Next Chapter: Will Tien and Chaozu be able to get Bulma medical attention before it is too late? Will Shao-Picro make sure they don’t get there in time? Find out in the next chapter!

Chapter 2

Ten minutes passed like fourteen years.

There was the blue-haired girl. Her fair skin was cold and pocked with bruises. There she was, cradled in the three-eyed man’s powerful arms.

And there was Chaozu, the porcelain clown trailing behind them, casting tears the ocean below.

“Tien,” Chaozu signaled with his telepathy, “let’s take her to Dr. Brief.”

“You said she needed medical attention.”

“We’re out of time.”

“Don’t say that!” Tien shouted into the stinging wind. “There is still hope!”

Chaozu’s hope had been drained onto the floor of Kamesennin’s island love shack. Hope had been replaced with bitter humors, all sloshing and boiling inside of him.

“She, she needs her family now,” Chaozu squeaked. “It’s all we can do.”

West City glimmered beyond the horizon.

Dr. Brief loomed over the body of his comatose daughter, studying her. The deafening grind of problem-solving machinations obscured his sadness.

“I believe I have a solution,” he finally said. “Pick her up and follow me.”

The eccentric doctor moved to a vault-like door on the other side of the room. Tien again cradled Bulma’s cold, frail body in his arms and followed the others.

The door slid open slowly to reveal a cavernous chamber. The walls were adorned with gray metal panels of all conceivable sizes and shapes. Gigantic hooks and chains stretched down from the sky-high ceiling.

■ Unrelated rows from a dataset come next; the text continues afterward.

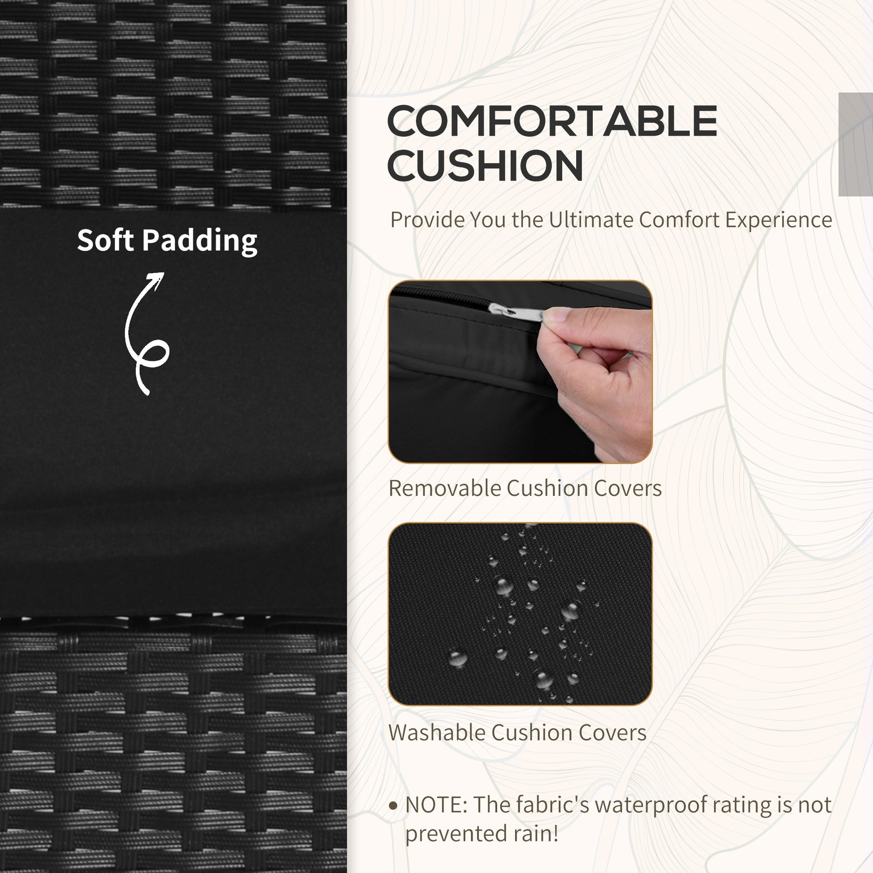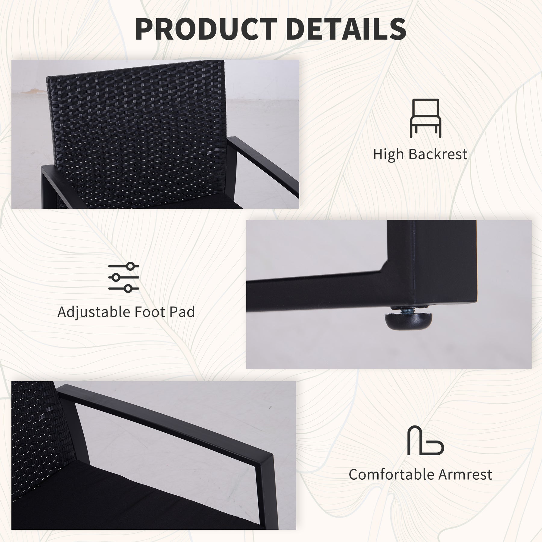 Outsunny offers a classic way to enjoy outdoor living with this 3pc patio rattan set. The 2 chairs and 1 matching teapot set can make a great addition to your outdoor patio or deck. Its exquisite workmanship ensures lasting durability. The table has 0.2" thick tempered glass for solid beverage placement, and the thickly padded cushions offer optimal comfort. The Outsunny 3-Piece Set is essential for any backyard or patio setting to complete the look in comfort and style.
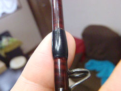 まずは適当に巻いたスレッドコーティングです。ロッドビルディングでやるのはこの2種類のみやきんね!後後ダイヤモンドラップもやってみるきんね!
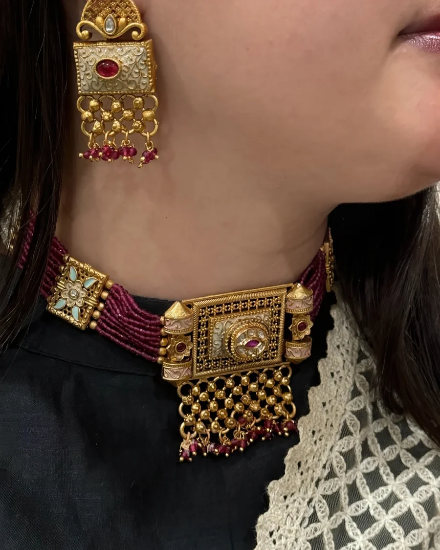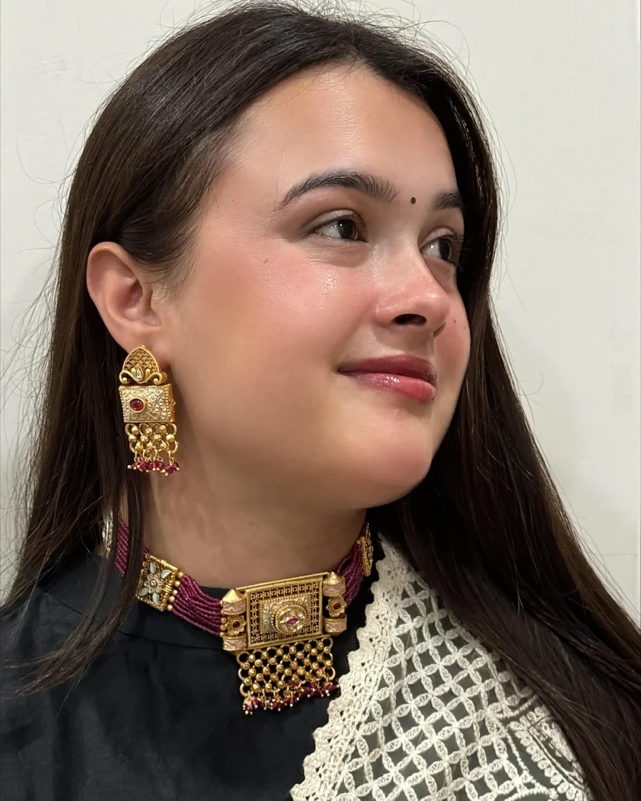 - Dangling Ruby Beads & Pearl Detailing for a majestic touch

“What is this place?” Chaozu spoke in awe. A metal causeway stretched into the abyss, suspended over unmeasurable darkness.

The resident genius lit a cigarette and stepped inside.

“Let me ask you,” he began, “what makes you feel safe?”

Chaozu and Tien traded earnest glances.

“What do you mean?” the doll asked.

“Safety. Security. Where does that come from?”

“Strength,” Tien answered, looking down upon the girl. “Being strong, growing stronger. I feel safe as long as I know I’m pushing myself to be the best.”

“Hm. What about you?”

Chaozu focus was pulled into the depths beyond the guardrail. The darkness offered him nothing.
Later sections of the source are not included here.